A limitation of the current study that must be addressed was the use of only one cell line. One of the major challenges in studying hepatoblastoma is the lack of cell lines and model systems. Although 15 hepatoblastoma cell lines have been reported in the literature (59), the majority lack validation. For example, HepG2 cells have been described in the literature by multiple researchers to be hepatoblastoma cells, but they are derived from a 15-year-old with HCC and the gene expression signature is more consistent with HCC (60). The HuH6 cell line is well-established and commonly used as it is the only commercially available long-term passage hepatoblastoma cell line. Our laboratory has previously developed and utilized human hepatoblastoma PDXs (4). However, PDX cells do not propagate well in culture, presenting numerous technical challenges for the CRISPR/Cas9 knockout and rendering the growth of single clones difficult.
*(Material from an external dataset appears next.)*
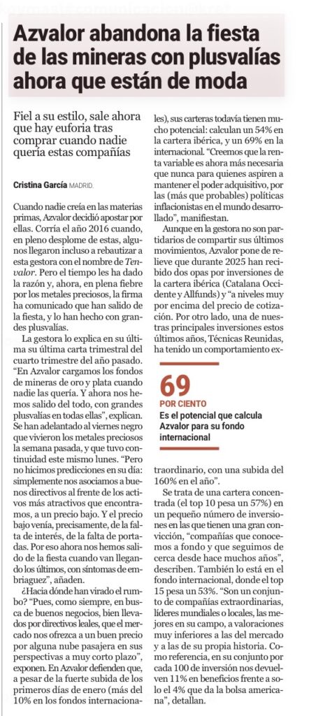 La gestora lo explica en su última su última carta trimestral del cuarto trimestre del año pasado. «En Azvalor cargamos los fondos de mineras de oro y plata cuando nadie las quería. Y ahora nos hemos salido del todo, con grandes plusvalías en todas ellas«, explican. Se han adelantado al viernes negro que vivieron los metales preciosos la semana pasada, y que tuvo continuidad este mismo lunes. «Pero no hicimos predicciones en su día: simplemente nos asociamos a buenos directivos al frente de los activos más atractivos que encontramos, a un precio bajo. Y el precio bajo venía, precisamente, de la falta de interés, de la falta de portadas. Por eso ahora nos hemos salido de la fiesta cuando van llegando los últimos, con síntomas de embriaguez», añaden.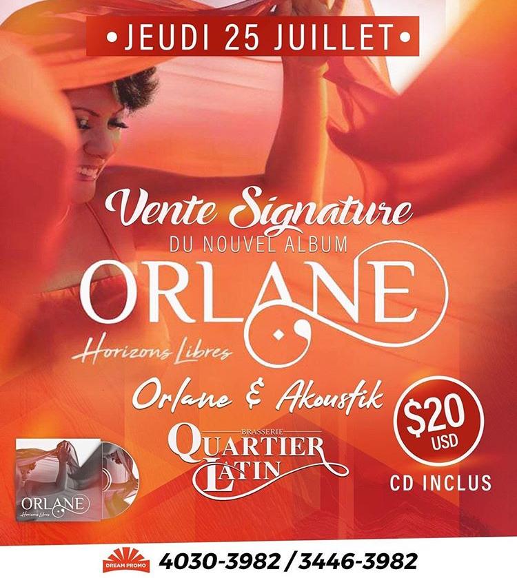 La vente signature de l'album d'Orlane titré "Horizons Libres" se fera le Jeudi 25 Juillet 2019 à Quartier Latin au prix de $20 US avec CD inclus.Il y aura la performance live de Orlane et Akoustik.Pour plus d'...

In conclusion, KO of PIM3 demonstrated inhibitory effects on the tumorigenicity of hepatoblastoma cells, including decreased cell proliferation and motility in vitro and decreased tumor growth in vivo, induced cell-cycle arrest, and decreased cancer cell stemness. This novel cell line provided a means to further delineate the role of PIM3 in promoting hepatoblastoma tumorigenesis and the stem cell-like phenotype.